Not to mention things you want to do being passed by. The irritation of being house bound.
I know, things could be a lot worse.
One thing it does do, though, is to strip a lot away from your thinking. Irritation is a powerful abrasive. It rubs politeness away. I guess I’m getting somewhat close to all the loonies who relish conspiracy theories and live as internet trolls. Of course, those poor sods are at it twenty four hours a day and are nowhere near any sense of self-awareness that might break them out of their home-built purgatory.
Sad! – to use a regrettably overused epithet.
Anyway, all this crankiness is having the delightful effect of bringing to the fore the always-present but mostly suppressed notion that I believe I am as good a photographer as I need to be – right now. Amazingly, this has always been the case ever since I began. Even though, looking back, I do see plenty of evidence of misplaced confidence but it certainly wasn’t clear at the time.
Well, that’s the result of experience and practice. What I do realize now, and should have realized right from the beginning, is that I don’t need to copy or emulate anyone else and my general disgust with 99% of popular photography isn’t something to hide or somehow explain away.
The truth is that 99% of all photography, including all those over-processed color saturated grandiose landscapes or those tasteful, Photoshop-cleansed nudes or anything else that a whole class of photographers regard as the be all and end all of the art is utter and complete garbage.
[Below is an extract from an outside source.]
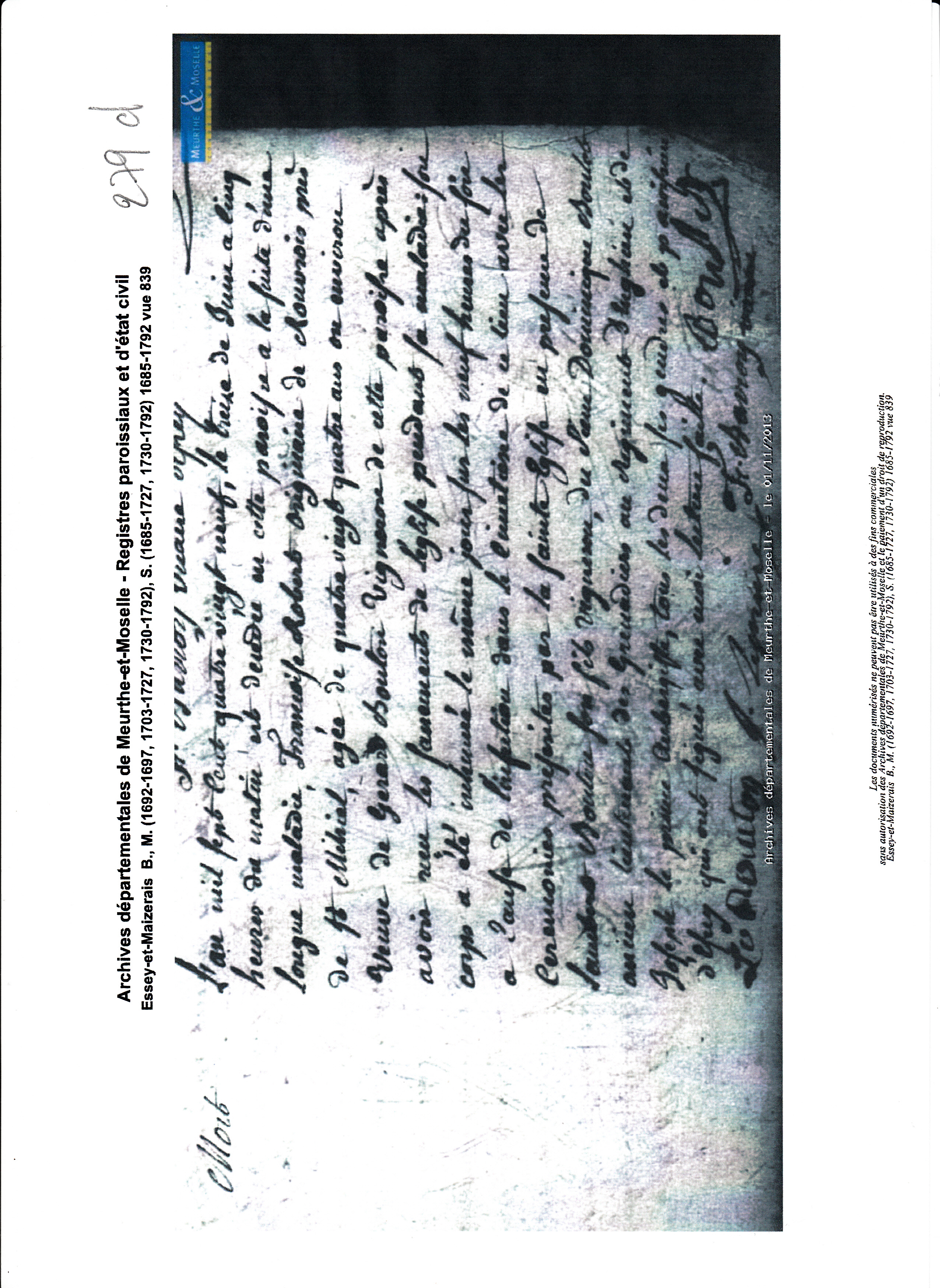Décès : 27 février 1742 à Noviant aux Pres 54380 ( Source )

Mind rot. Empty of purpose (except to fool the unthinking) and bereft of artistry.
With such an attitude it’s a wonder that I pursue the art at all, but the reality is that the 1% that comprises the good photographs is constantly and swimmingly inspiring and, more importantly, reassuring that real art can come out of the medium. ‘
So every time I groan at the popular crap floating to the top in 500px or fstoppers or anywhere else, I can flip open my copy of Cindy Sherman’s ‘Untitled Film Stills’ and be brought right back into a state of bliss.
Curiously, when in this state of bliss, my own work takes on a value that makes me feel, once again, like a perfect photographer. Something I never feel in the presence of the 99%. When there I feel dirty, ashamed to be associated with such drivel through the shared label of ‘photography’.
Well, that’s what great art does. It brings out the humanity and the very best in you. Wouldn’t it be nice to keep that feeling permanently in place. Sadly, we live in a corrupted world and there’s no getting away from that. But I can try.